The North American bulk power system (BPS) continued to perform reliably in 2025 even as the grid experienced increasing operational complexity, the North American Electric Reliability Corporation said on June 24.

NERC’s 2026 State of Reliability (SOR) finds both measurable reliability improvements and emerging risks associated with the changing resource characteristics, growing demand, and more challenging operating conditions. New and emerging risks are evolving and reducing the margin for error, amplifying the potential for serious events on the bulk power system. 

Ongoing grid reliability will depend not only on maintaining and expanding infrastructure and resource adequacy, but also on improving industry’s ability to anticipate, model, and mitigate these risks, NERC said.

“Both system operators and generators are being asked to do things today that they were never originally designed to do at this scale and pace,” said John Moura, director of Reliability Assessment and Performance Analysis. “What we found in this year’s assessment is evidence of both resilience and adaptation, but also a clear signal to stay ahead of the emerging risks before they become operational challenges.”

Attributed in part to industry’s weatherization efforts, the operational performance of conventional generation improved during the most challenging winter weather week of 2025.  However, overall, a reduction in availability occurred throughout the year, largely driven by a decline in the performance of coal and combined-cycle generation. 

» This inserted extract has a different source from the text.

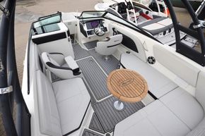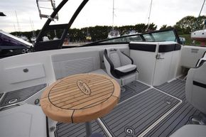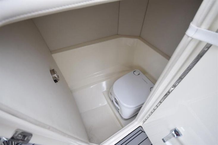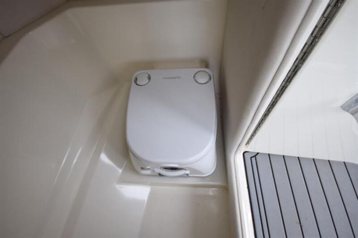 Forward is a large seating area with an infill to convert to a sun pad/day bed accessed by the split screen and door. To port is a small heads compartment with a cassette loo, this space also works well for stowage. Starboard is the helm position. There is a Simrad MFD and all of your switch gear within reach of the helm. Single lever controls with trim switch and kill cord. Both helm and copilot seats have flip up bolsters. Behind the helm is a large seating area with removable table with ample room for the family. This area is covered by a T-top/ski tower with removable bimini cover. Aft above the engine bay is a large sun pad with adjustable back rest. Part of the sun pad folds to allow for step free access to the extended bathing platform. There is a stack away bathing ladder and swim shower with pressurised water.

The SOR identified a material increase to 9.2%, above historical norms of 7–8%, in conventional generator forced outage rates with coal and combined-cycle units experiencing a 39.8 TWh and 19.1 TWh increase in unavailable energy, respectively. This is driving a reduction in deployable reserves, which are shrinking as forced outage rates increase, creating potential for tight operating conditions that can lead to system events.  

The surge in data center and computational loads remains a major reliability consideration owing to their scale, speed of development, and unique operational characteristics. During 2025, two instances of data center customer-initiated load reduction exceeded 1,000 MWs, with many more exceeding 100 MW.

“Events like this emphasize the growing need for accurate load modeling and operational coordination. We are continuing our efforts with both the electric and data center industries to issue new alerts, host technical conferences, perform standards work, and offer large load guidance activities,” said Jack Norris, manager of Performance Analysis. 

In addition, NERC proposes to identify a new functional entity type, called “Computational Load Entity,” that will include certain large loads with a material impact on the BPS and develop mandatory Reliability Standards.

Rapid expansion in solar, wind, and battery energy storage systems (BESS), which are all inverter-based Resources (IBRs), continued in 2025. This continuing transformation of the resource mix is fundamentally changing system operations and reliability management. BESS, which grew at approximately the same rate as solar, continued to provide essential reliability services such as rapid frequency response, and offsetting wind and solar variability at this expanded scale.

The increase in IBRs creates more operational complexity, and, while the majority of NERC’s IBR mitigation plan is complete, NERC continues monitoring and efforts including new technical requirements related to IBR performance, ride-through capability, and model validation.

NERC’s recommendations, described fully in the SOR report, outline actions to help reduce reliability risks, including developing specific measurable reliability indicators for generation performance, continuing the publication of incident analysis and lessons learned and sharing findings with industry, and monitoring BESS performance and major events around the world to identify risks. 

The recommendations also emphasize the need for continued coordination across industry, regulators, and policymakers.

The SOR reviews BPS performance in 2025, identifies trends and emerging reliability risks, reports on the relative health of the interconnected system, and measures the success of mitigation activities deployed. 

The 2026 SOR Overview and the 2026 SOR Technical Assessment provide objective and concise information for policymakers and industry leaders on issues that affect the reliability and resilience of the North American BPS while providing strong technical support for those interested in the underlying data and detailed analytics.